> _Data shown_:
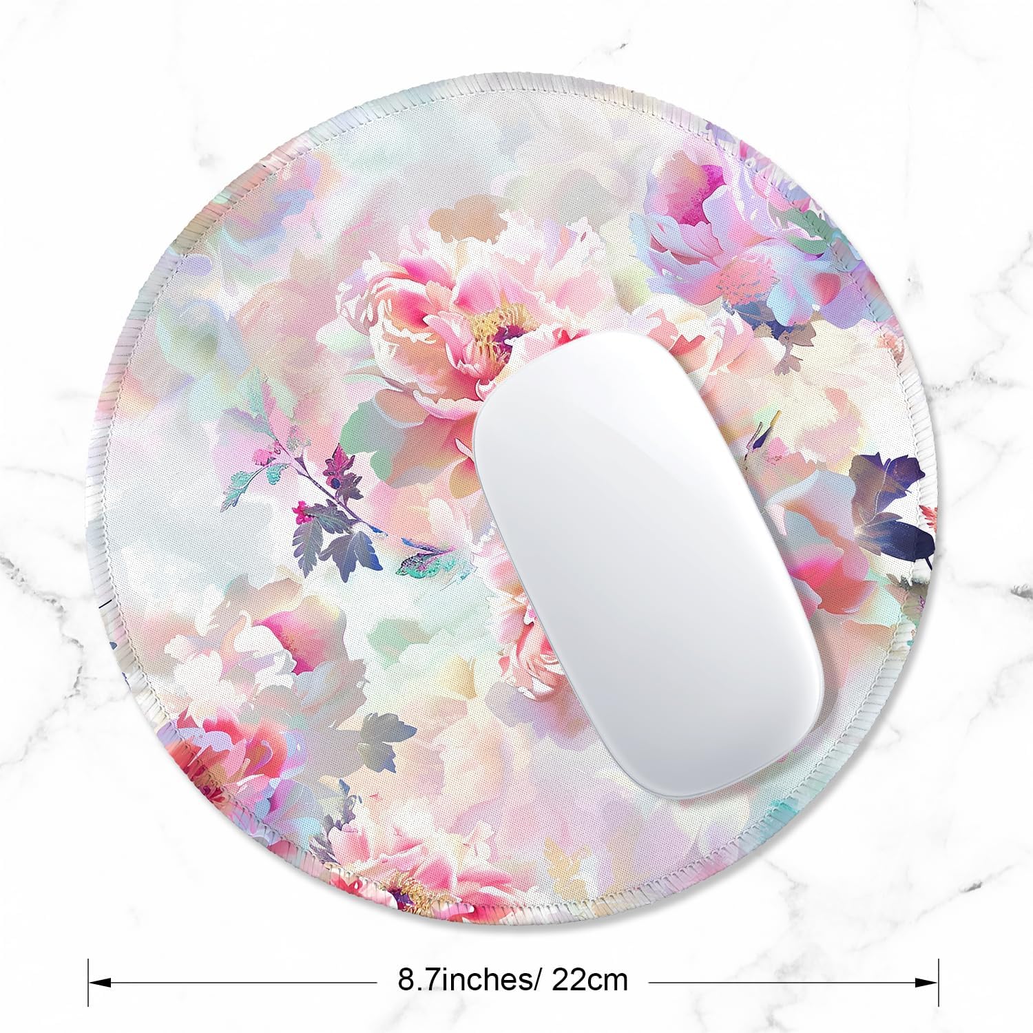 ITNRSIIET Round Mouse Pad with Stitched Edge Premium-Textured Waterproof Non-Slip Rubber Base Desktop Protection Mat Diameter 8.7 inches, Beautiful Flowers
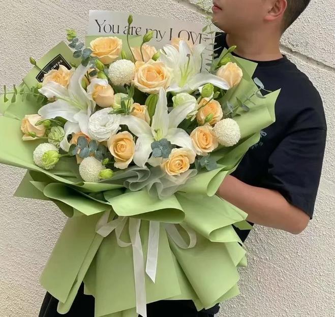 19枝香槟玫瑰,4支乒乓菊,5朵百合,白色和绿色洋桔梗搭配,尤加利叶点缀
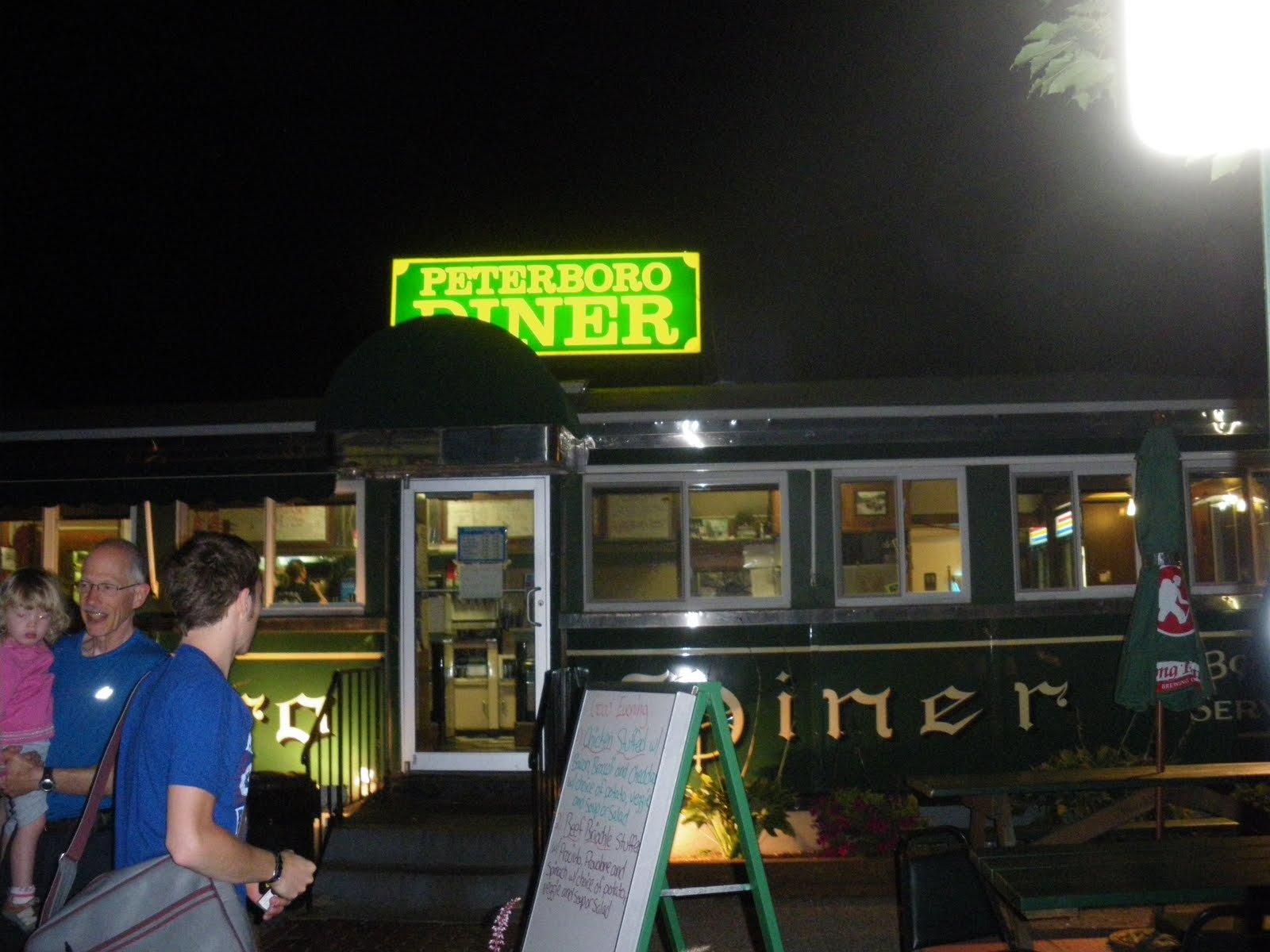 Un soir nous sommes allé manger un burger dans une place typique américaine, genre vieux trailer, au bord d'un parking, sièges aux bar, nourriture de merde excellente, le Peterboro's Diner.
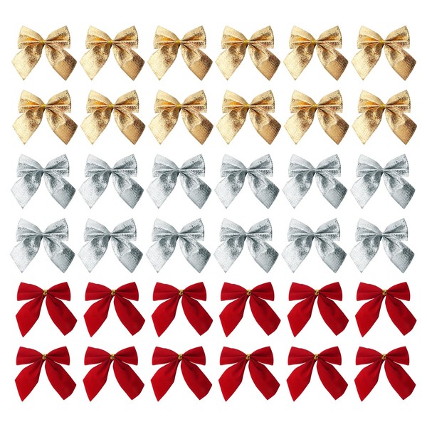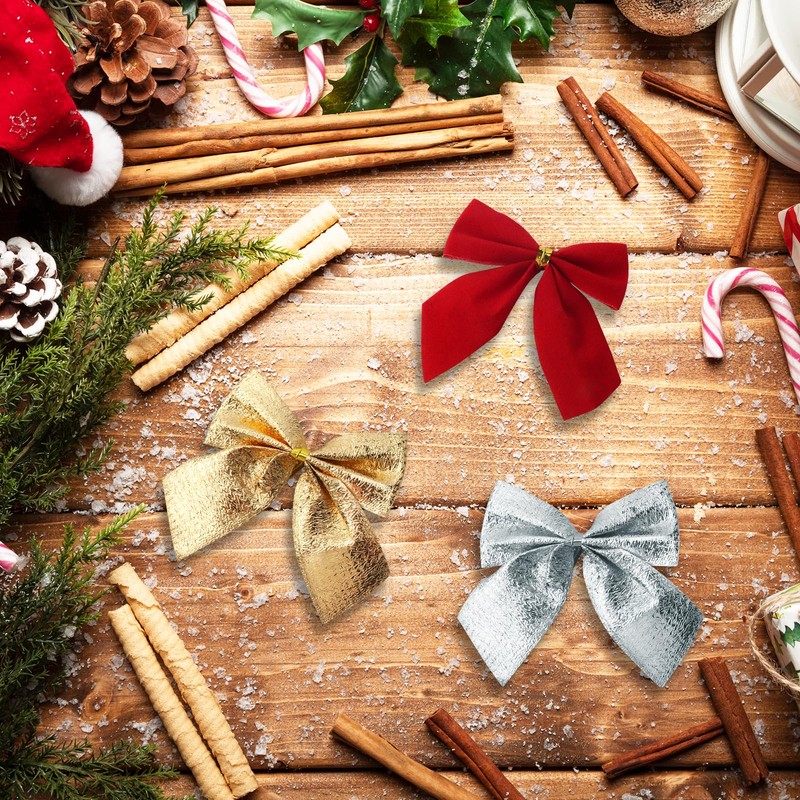 >>Unique Design: These ribbon bows have slightly different surfaces, with the red bows having a delicate tactile surface and the silver and gold bows having a smooth, shiny surface, making them an ideal color combination.
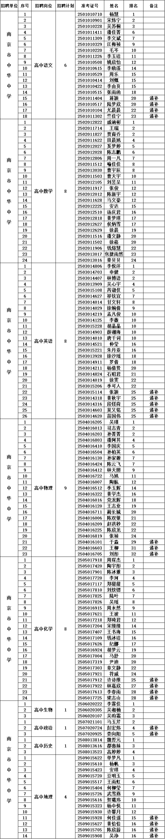 南京市中華中學(xué)2024年10月公開(kāi)招聘教師面試考生名單公示
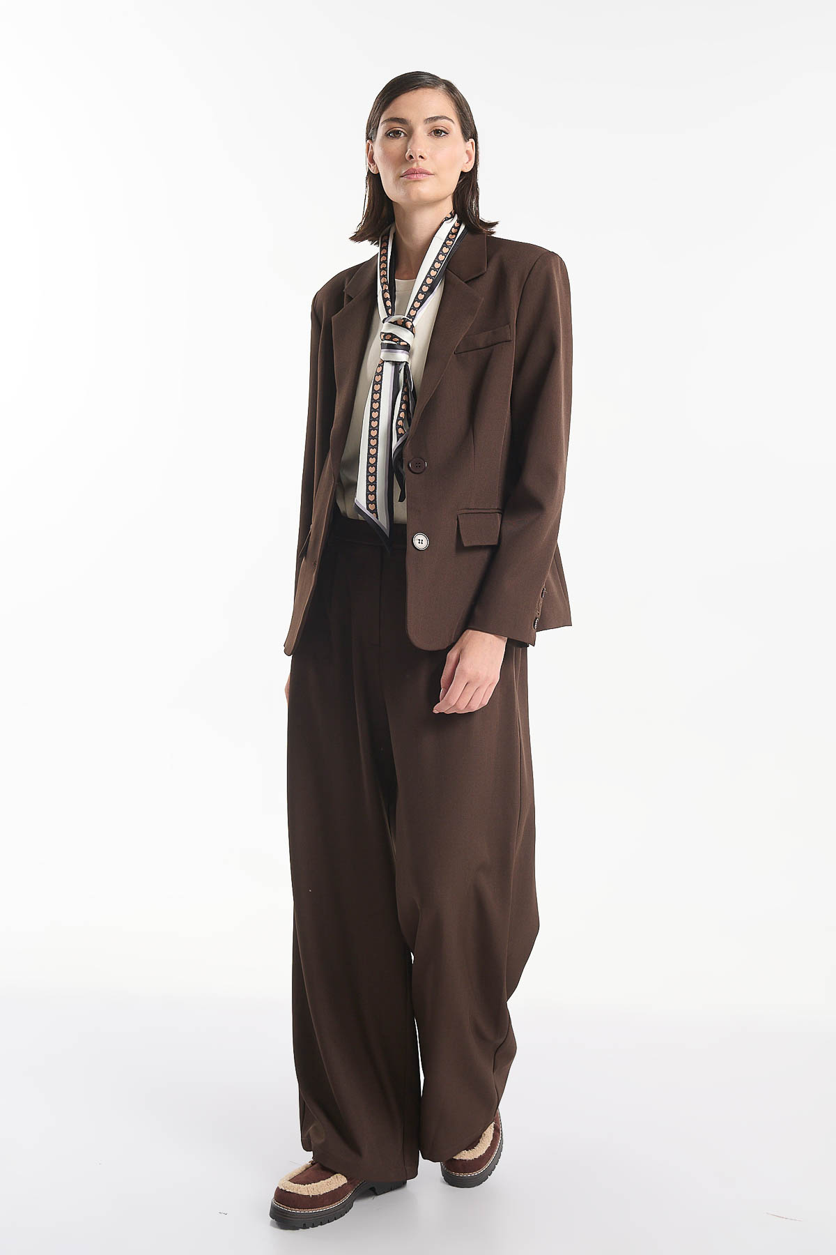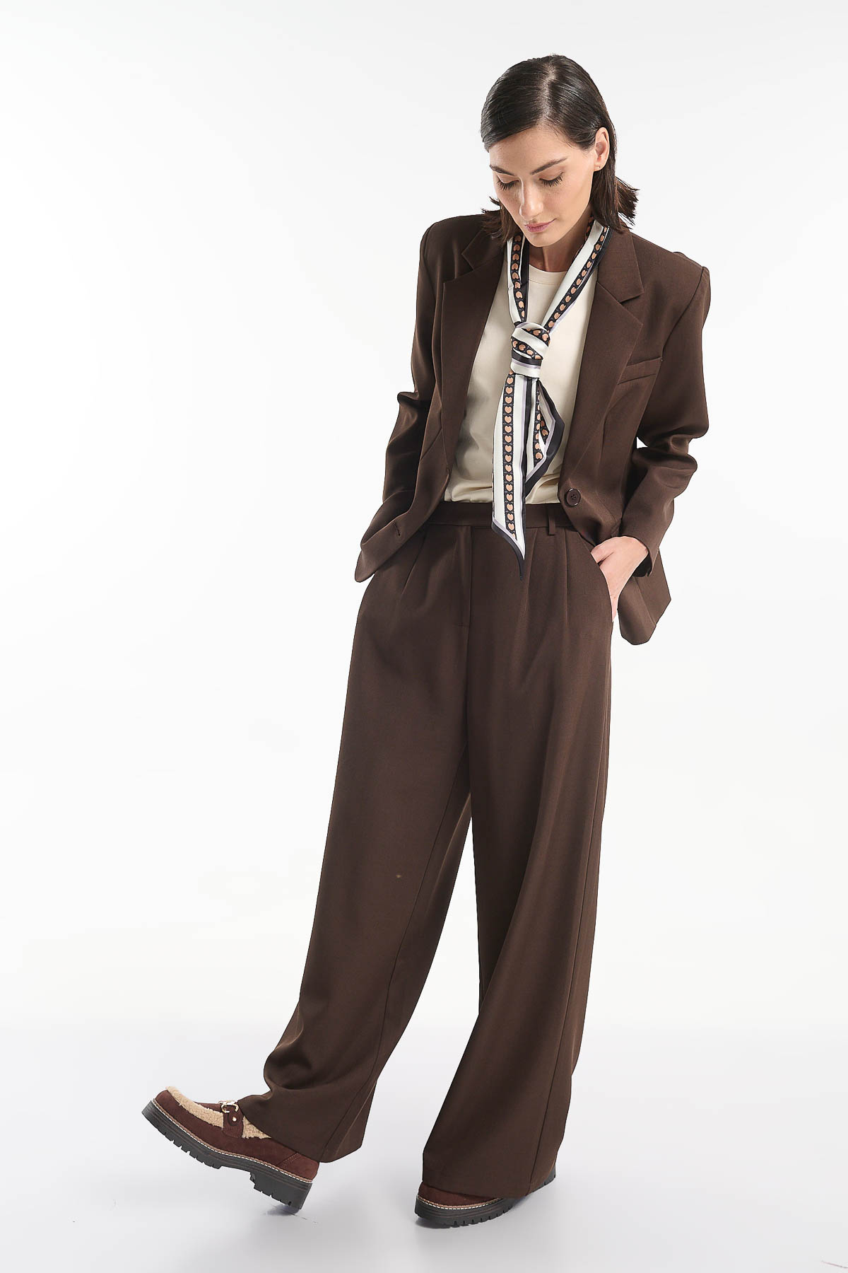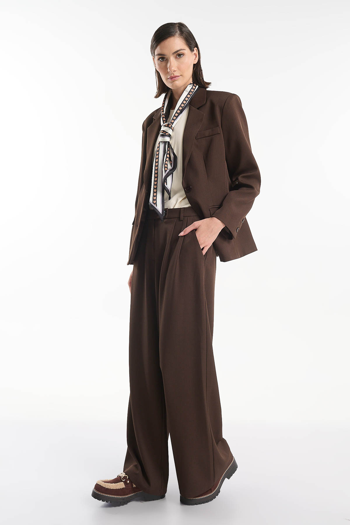 Αναβαθμίστε το στυλ σας με αυτήν την κομψή παντελόνα σε φαρδιά γραμμή. Διαθέτει κλασικό σχεδιασμό με πιέτες στο μπροστινό μέρος, πλαϊνές τσέπες και κουμπί στη μέση για τέλεια εφαρμογή. Ιδανική για επαγγελματικές εμφανίσεις αλλά και για casual chic look, συνδυάζεται άψογα με σακάκι για total office outfit ή με πουκάμισο για πιο χαλαρές περιστάσεις. Διατίθεται σε μαύρο και καφέ χρώμα. Το μοντέλο φοράει μέγεθος S . Το small καλύπτει περιφέρεια μέσης 79 cm . Σύνθεση : 95% Polyester – 5% Spandex.
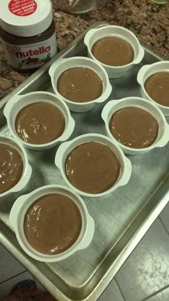 4 - Añadir la mezcla a la taza de la torta de lava luego la Nutella en el centro de cada uno.
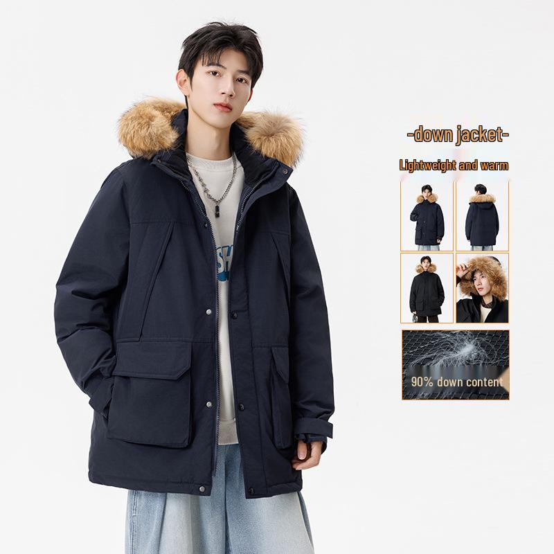 This unisex mid-length winter down jacket is designed for those who prioritize warmth and style. With 90% white duck down filling, it offers superb insulation without compromising comfort. The jacket features a loose fit and a stand neckline, adding a contemporary touch to your winter wardrobe. The solid pattern enhances its versatile appeal, while the chemical fiber blended fur collar offers added protection against the cold. Constructed from durable nylon material, this piece is perfect for enduring the harsh winter months. Designed with men in mind, it combines functionality and fashion effortlessly.

> _Directions_: Reproduce the lines above exactly, image-free.

> _Answer to this problem_:
 ITNRSIIET Round Mouse Pad with Stitched Edge Premium-Textured Waterproof Non-Slip Rubber Base Desktop Protection Mat Diameter 8.7 inches, Beautiful Flowers
 19枝香槟玫瑰,4支乒乓菊,5朵百合,白色和绿色洋桔梗搭配,尤加利叶点缀
 Un soir nous sommes allé manger un burger dans une place typique américaine, genre vieux trailer, au bord d'un parking, sièges aux bar, nourriture de merde excellente, le Peterboro's Diner.
 >>Unique Design: These ribbon bows have slightly different surfaces, with the red bows having a delicate tactile surface and the silver and gold bows having a smooth, shiny surface, making them an ideal color combination.
 南京市中華中學(xué)2024年10月公開(kāi)招聘教師面試考生名單公示
 Αναβαθμίστε το στυλ σας με αυτήν την κομψή παντελόνα σε φαρδιά γραμμή. Διαθέτει κλασικό σχεδιασμό με πιέτες στο μπροστινό μέρος, πλαϊνές τσέπες και κουμπί στη μέση για τέλεια εφαρμογή. Ιδανική για επαγγελματικές εμφανίσεις αλλά και για casual chic look, συνδυάζεται άψογα με σακάκι για total office outfit ή με πουκάμισο για πιο χαλαρές περιστάσεις. Διατίθεται σε μαύρο και καφέ χρώμα. Το μοντέλο φοράει μέγεθος S . Το small καλύπτει περιφέρεια μέσης 79 cm . Σύνθεση : 95% Polyester – 5% Spandex.
 4 - Añadir la mezcla a la taza de la torta de lava luego la Nutella en el centro de cada uno.
 This unisex mid-length winter down jacket is designed for those who prioritize warmth and style. With 90% white duck down filling, it offers superb insulation without compromising comfort. The jacket features a loose fit and a stand neckline, adding a contemporary touch to your winter wardrobe. The solid pattern enhances its versatile appeal, while the chemical fiber blended fur collar offers added protection against the cold. Constructed from durable nylon material, this piece is perfect for enduring the harsh winter months. Designed with men in mind, it combines functionality and fashion effortlessly.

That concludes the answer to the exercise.